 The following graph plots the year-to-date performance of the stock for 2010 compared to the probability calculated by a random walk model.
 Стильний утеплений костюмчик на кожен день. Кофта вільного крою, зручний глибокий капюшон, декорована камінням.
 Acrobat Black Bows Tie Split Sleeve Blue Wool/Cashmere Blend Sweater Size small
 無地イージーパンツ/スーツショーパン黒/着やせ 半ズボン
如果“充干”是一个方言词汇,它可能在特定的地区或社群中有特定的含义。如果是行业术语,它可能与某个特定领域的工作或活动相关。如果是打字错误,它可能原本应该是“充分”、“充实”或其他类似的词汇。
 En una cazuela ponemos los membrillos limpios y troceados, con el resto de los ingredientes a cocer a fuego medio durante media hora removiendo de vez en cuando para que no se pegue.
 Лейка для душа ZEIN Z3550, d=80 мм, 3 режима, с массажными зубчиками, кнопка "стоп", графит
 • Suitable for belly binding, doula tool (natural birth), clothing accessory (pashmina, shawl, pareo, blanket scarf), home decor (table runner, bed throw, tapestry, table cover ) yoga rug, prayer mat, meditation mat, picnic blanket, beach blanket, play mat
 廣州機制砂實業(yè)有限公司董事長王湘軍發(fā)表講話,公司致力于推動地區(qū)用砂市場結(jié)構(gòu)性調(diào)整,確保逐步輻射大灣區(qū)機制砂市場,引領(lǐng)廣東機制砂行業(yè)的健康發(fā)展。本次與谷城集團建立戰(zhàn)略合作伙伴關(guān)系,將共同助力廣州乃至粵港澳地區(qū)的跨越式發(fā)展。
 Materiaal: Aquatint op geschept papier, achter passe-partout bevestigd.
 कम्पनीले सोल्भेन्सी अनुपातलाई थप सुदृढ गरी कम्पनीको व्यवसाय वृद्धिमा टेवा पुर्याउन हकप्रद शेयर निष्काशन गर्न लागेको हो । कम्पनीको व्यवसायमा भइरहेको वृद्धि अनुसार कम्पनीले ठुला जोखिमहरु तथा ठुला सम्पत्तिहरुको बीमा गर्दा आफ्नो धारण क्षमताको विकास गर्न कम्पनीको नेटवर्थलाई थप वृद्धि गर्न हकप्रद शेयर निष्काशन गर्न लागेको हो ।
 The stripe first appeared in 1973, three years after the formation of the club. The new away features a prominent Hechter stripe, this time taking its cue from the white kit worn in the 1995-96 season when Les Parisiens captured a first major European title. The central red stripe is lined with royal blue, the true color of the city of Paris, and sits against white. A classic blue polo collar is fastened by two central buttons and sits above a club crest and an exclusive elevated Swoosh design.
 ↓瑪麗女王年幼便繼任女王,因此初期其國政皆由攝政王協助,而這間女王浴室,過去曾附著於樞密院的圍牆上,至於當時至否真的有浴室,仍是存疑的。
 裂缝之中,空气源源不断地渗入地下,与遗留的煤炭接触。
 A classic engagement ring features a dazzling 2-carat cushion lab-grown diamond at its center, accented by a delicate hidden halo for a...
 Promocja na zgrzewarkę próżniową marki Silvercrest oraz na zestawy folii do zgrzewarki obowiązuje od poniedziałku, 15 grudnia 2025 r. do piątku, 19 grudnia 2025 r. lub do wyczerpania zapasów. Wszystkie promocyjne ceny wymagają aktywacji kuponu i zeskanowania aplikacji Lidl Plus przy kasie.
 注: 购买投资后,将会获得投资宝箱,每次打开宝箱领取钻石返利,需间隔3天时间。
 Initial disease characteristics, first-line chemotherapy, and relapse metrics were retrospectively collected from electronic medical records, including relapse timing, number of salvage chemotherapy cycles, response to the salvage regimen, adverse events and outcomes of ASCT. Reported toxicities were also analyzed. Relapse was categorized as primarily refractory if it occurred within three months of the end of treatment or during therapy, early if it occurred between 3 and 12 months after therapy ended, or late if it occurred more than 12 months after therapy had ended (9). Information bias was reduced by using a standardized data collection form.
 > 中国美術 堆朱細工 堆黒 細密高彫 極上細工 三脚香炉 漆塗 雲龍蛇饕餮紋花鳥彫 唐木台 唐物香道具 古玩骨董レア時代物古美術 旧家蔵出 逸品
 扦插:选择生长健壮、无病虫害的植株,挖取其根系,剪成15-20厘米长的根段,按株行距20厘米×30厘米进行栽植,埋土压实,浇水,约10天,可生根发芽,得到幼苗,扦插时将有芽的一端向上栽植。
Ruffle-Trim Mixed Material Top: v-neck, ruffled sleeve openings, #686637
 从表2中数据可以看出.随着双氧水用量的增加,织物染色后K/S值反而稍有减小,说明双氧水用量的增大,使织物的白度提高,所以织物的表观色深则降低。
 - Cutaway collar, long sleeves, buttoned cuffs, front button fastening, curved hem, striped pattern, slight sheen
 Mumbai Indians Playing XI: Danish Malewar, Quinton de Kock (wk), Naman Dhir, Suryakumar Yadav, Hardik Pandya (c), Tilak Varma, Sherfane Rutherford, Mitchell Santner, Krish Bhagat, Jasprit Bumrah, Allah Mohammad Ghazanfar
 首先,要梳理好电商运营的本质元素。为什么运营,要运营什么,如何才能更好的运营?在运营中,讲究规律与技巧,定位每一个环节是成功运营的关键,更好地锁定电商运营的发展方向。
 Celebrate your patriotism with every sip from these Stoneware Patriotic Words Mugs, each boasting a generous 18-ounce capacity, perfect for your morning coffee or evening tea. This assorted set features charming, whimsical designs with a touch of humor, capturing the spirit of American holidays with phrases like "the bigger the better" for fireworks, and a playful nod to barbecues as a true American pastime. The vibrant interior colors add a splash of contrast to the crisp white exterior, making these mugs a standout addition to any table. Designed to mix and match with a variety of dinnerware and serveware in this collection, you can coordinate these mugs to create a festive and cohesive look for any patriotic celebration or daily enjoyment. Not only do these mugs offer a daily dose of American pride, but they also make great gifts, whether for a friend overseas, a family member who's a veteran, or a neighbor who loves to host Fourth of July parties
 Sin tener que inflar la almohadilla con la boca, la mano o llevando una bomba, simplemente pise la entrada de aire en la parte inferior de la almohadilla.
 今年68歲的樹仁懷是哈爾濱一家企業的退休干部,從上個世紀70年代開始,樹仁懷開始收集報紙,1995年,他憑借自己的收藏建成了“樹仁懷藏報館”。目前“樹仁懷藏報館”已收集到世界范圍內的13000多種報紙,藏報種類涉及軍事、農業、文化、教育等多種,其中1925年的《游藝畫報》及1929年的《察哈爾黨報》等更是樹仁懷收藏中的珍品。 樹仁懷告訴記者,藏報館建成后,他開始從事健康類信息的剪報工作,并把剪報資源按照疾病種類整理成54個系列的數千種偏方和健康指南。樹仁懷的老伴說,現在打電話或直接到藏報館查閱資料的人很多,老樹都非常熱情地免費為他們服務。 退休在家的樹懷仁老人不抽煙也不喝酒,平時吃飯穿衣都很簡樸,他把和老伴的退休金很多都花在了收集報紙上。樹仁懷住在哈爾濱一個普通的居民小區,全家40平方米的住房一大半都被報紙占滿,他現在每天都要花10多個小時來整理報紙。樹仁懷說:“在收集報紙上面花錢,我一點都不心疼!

--

- _TASK STATEMENT_: Return all the lines shown above, precisely as they stand.

- _RESPONSE AREA_:
 The following graph plots the year-to-date performance of the stock for 2010 compared to the probability calculated by a random walk model.
 Стильний утеплений костюмчик на кожен день. Кофта вільного крою, зручний глибокий капюшон, декорована камінням.
 Acrobat Black Bows Tie Split Sleeve Blue Wool/Cashmere Blend Sweater Size small
 無地イージーパンツ/スーツショーパン黒/着やせ 半ズボン
如果“充干”是一个方言词汇,它可能在特定的地区或社群中有特定的含义。如果是行业术语,它可能与某个特定领域的工作或活动相关。如果是打字错误,它可能原本应该是“充分”、“充实”或其他类似的词汇。
 En una cazuela ponemos los membrillos limpios y troceados, con el resto de los ingredientes a cocer a fuego medio durante media hora removiendo de vez en cuando para que no se pegue.
 Лейка для душа ZEIN Z3550, d=80 мм, 3 режима, с массажными зубчиками, кнопка "стоп", графит
 • Suitable for belly binding, doula tool (natural birth), clothing accessory (pashmina, shawl, pareo, blanket scarf), home decor (table runner, bed throw, tapestry, table cover ) yoga rug, prayer mat, meditation mat, picnic blanket, beach blanket, play mat
 廣州機制砂實業(yè)有限公司董事長王湘軍發(fā)表講話,公司致力于推動地區(qū)用砂市場結(jié)構(gòu)性調(diào)整,確保逐步輻射大灣區(qū)機制砂市場,引領(lǐng)廣東機制砂行業(yè)的健康發(fā)展。本次與谷城集團建立戰(zhàn)略合作伙伴關(guān)系,將共同助力廣州乃至粵港澳地區(qū)的跨越式發(fā)展。
 Materiaal: Aquatint op geschept papier, achter passe-partout bevestigd.
 कम्पनीले सोल्भेन्सी अनुपातलाई थप सुदृढ गरी कम्पनीको व्यवसाय वृद्धिमा टेवा पुर्याउन हकप्रद शेयर निष्काशन गर्न लागेको हो । कम्पनीको व्यवसायमा भइरहेको वृद्धि अनुसार कम्पनीले ठुला जोखिमहरु तथा ठुला सम्पत्तिहरुको बीमा गर्दा आफ्नो धारण क्षमताको विकास गर्न कम्पनीको नेटवर्थलाई थप वृद्धि गर्न हकप्रद शेयर निष्काशन गर्न लागेको हो ।
 The stripe first appeared in 1973, three years after the formation of the club. The new away features a prominent Hechter stripe, this time taking its cue from the white kit worn in the 1995-96 season when Les Parisiens captured a first major European title. The central red stripe is lined with royal blue, the true color of the city of Paris, and sits against white. A classic blue polo collar is fastened by two central buttons and sits above a club crest and an exclusive elevated Swoosh design.
 ↓瑪麗女王年幼便繼任女王,因此初期其國政皆由攝政王協助,而這間女王浴室,過去曾附著於樞密院的圍牆上,至於當時至否真的有浴室,仍是存疑的。
 裂缝之中,空气源源不断地渗入地下,与遗留的煤炭接触。
 A classic engagement ring features a dazzling 2-carat cushion lab-grown diamond at its center, accented by a delicate hidden halo for a...
 Promocja na zgrzewarkę próżniową marki Silvercrest oraz na zestawy folii do zgrzewarki obowiązuje od poniedziałku, 15 grudnia 2025 r. do piątku, 19 grudnia 2025 r. lub do wyczerpania zapasów. Wszystkie promocyjne ceny wymagają aktywacji kuponu i zeskanowania aplikacji Lidl Plus przy kasie.
 注: 购买投资后,将会获得投资宝箱,每次打开宝箱领取钻石返利,需间隔3天时间。
 Initial disease characteristics, first-line chemotherapy, and relapse metrics were retrospectively collected from electronic medical records, including relapse timing, number of salvage chemotherapy cycles, response to the salvage regimen, adverse events and outcomes of ASCT. Reported toxicities were also analyzed. Relapse was categorized as primarily refractory if it occurred within three months of the end of treatment or during therapy, early if it occurred between 3 and 12 months after therapy ended, or late if it occurred more than 12 months after therapy had ended (9). Information bias was reduced by using a standardized data collection form.
 > 中国美術 堆朱細工 堆黒 細密高彫 極上細工 三脚香炉 漆塗 雲龍蛇饕餮紋花鳥彫 唐木台 唐物香道具 古玩骨董レア時代物古美術 旧家蔵出 逸品
 扦插:选择生长健壮、无病虫害的植株,挖取其根系,剪成15-20厘米长的根段,按株行距20厘米×30厘米进行栽植,埋土压实,浇水,约10天,可生根发芽,得到幼苗,扦插时将有芽的一端向上栽植。
Ruffle-Trim Mixed Material Top: v-neck, ruffled sleeve openings, #686637
 从表2中数据可以看出.随着双氧水用量的增加,织物染色后K/S值反而稍有减小,说明双氧水用量的增大,使织物的白度提高,所以织物的表观色深则降低。
 - Cutaway collar, long sleeves, buttoned cuffs, front button fastening, curved hem, striped pattern, slight sheen
 Mumbai Indians Playing XI: Danish Malewar, Quinton de Kock (wk), Naman Dhir, Suryakumar Yadav, Hardik Pandya (c), Tilak Varma, Sherfane Rutherford, Mitchell Santner, Krish Bhagat, Jasprit Bumrah, Allah Mohammad Ghazanfar
 首先,要梳理好电商运营的本质元素。为什么运营,要运营什么,如何才能更好的运营?在运营中,讲究规律与技巧,定位每一个环节是成功运营的关键,更好地锁定电商运营的发展方向。
 Celebrate your patriotism with every sip from these Stoneware Patriotic Words Mugs, each boasting a generous 18-ounce capacity, perfect for your morning coffee or evening tea. This assorted set features charming, whimsical designs with a touch of humor, capturing the spirit of American holidays with phrases like "the bigger the better" for fireworks, and a playful nod to barbecues as a true American pastime. The vibrant interior colors add a splash of contrast to the crisp white exterior, making these mugs a standout addition to any table. Designed to mix and match with a variety of dinnerware and serveware in this collection, you can coordinate these mugs to create a festive and cohesive look for any patriotic celebration or daily enjoyment. Not only do these mugs offer a daily dose of American pride, but they also make great gifts, whether for a friend overseas, a family member who's a veteran, or a neighbor who loves to host Fourth of July parties
 Sin tener que inflar la almohadilla con la boca, la mano o llevando una bomba, simplemente pise la entrada de aire en la parte inferior de la almohadilla.
 今年68歲的樹仁懷是哈爾濱一家企業的退休干部,從上個世紀70年代開始,樹仁懷開始收集報紙,1995年,他憑借自己的收藏建成了“樹仁懷藏報館”。目前“樹仁懷藏報館”已收集到世界范圍內的13000多種報紙,藏報種類涉及軍事、農業、文化、教育等多種,其中1925年的《游藝畫報》及1929年的《察哈爾黨報》等更是樹仁懷收藏中的珍品。 樹仁懷告訴記者,藏報館建成后,他開始從事健康類信息的剪報工作,并把剪報資源按照疾病種類整理成54個系列的數千種偏方和健康指南。樹仁懷的老伴說,現在打電話或直接到藏報館查閱資料的人很多,老樹都非常熱情地免費為他們服務。 退休在家的樹懷仁老人不抽煙也不喝酒,平時吃飯穿衣都很簡樸,他把和老伴的退休金很多都花在了收集報紙上。樹仁懷住在哈爾濱一個普通的居民小區,全家40平方米的住房一大半都被報紙占滿,他現在每天都要花10多個小時來整理報紙。樹仁懷說:“在收集報紙上面花錢,我一點都不心疼!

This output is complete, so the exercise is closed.